▶ WORK INSTRUCTION
Leaving pictures aside, set down each line exactly, from the first line of the data to the line with "走出标本馆,那份沉静微凉的气", both included.

▶ DATA SHOWN
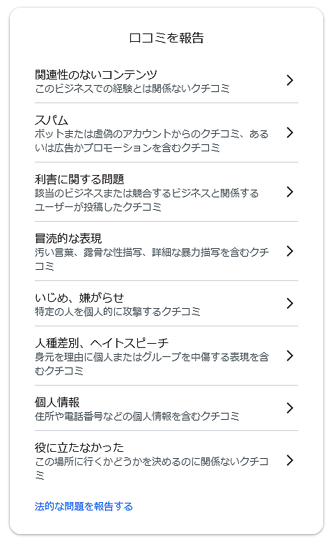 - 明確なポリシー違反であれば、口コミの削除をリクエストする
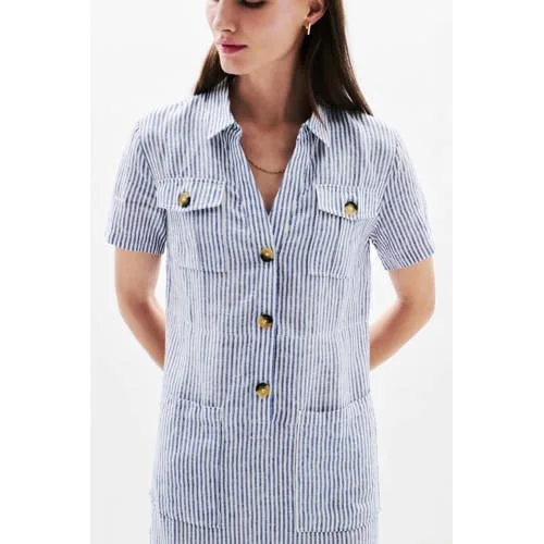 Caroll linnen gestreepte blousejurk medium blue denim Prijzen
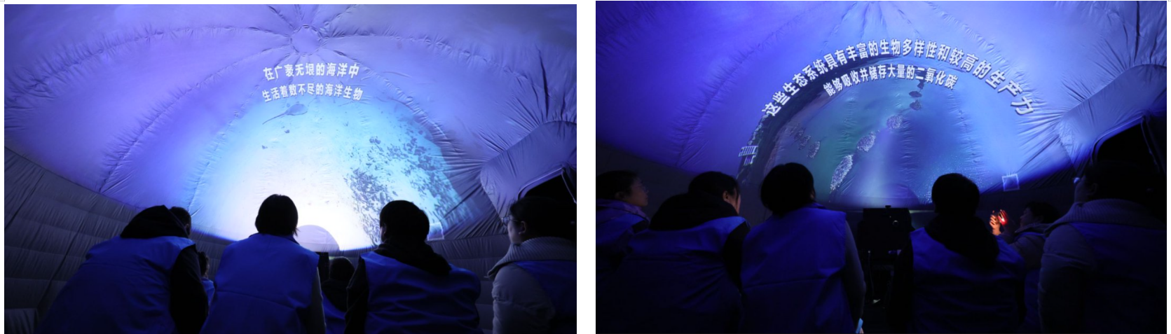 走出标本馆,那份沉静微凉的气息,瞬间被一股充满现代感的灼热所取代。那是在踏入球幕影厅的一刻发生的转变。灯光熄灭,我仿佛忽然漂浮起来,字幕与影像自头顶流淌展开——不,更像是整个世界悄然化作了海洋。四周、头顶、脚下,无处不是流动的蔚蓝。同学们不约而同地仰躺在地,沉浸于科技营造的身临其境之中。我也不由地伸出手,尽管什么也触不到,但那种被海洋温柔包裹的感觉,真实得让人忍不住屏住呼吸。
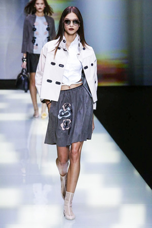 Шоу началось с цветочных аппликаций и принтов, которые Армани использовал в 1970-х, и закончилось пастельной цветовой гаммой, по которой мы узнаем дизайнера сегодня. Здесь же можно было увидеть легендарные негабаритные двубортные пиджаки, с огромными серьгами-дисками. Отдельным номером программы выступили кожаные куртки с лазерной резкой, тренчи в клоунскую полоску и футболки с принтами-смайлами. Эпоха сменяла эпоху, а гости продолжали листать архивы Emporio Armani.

▶ RESPONSE AREA
 - 明確なポリシー違反であれば、口コミの削除をリクエストする
 Caroll linnen gestreepte blousejurk medium blue denim Prijzen
 走出标本馆,那份沉静微凉的气息,瞬间被一股充满现代感的灼热所取代。那是在踏入球幕影厅的一刻发生的转变。灯光熄灭,我仿佛忽然漂浮起来,字幕与影像自头顶流淌展开——不,更像是整个世界悄然化作了海洋。四周、头顶、脚下,无处不是流动的蔚蓝。同学们不约而同地仰躺在地,沉浸于科技营造的身临其境之中。我也不由地伸出手,尽管什么也触不到,但那种被海洋温柔包裹的感觉,真实得让人忍不住屏住呼吸。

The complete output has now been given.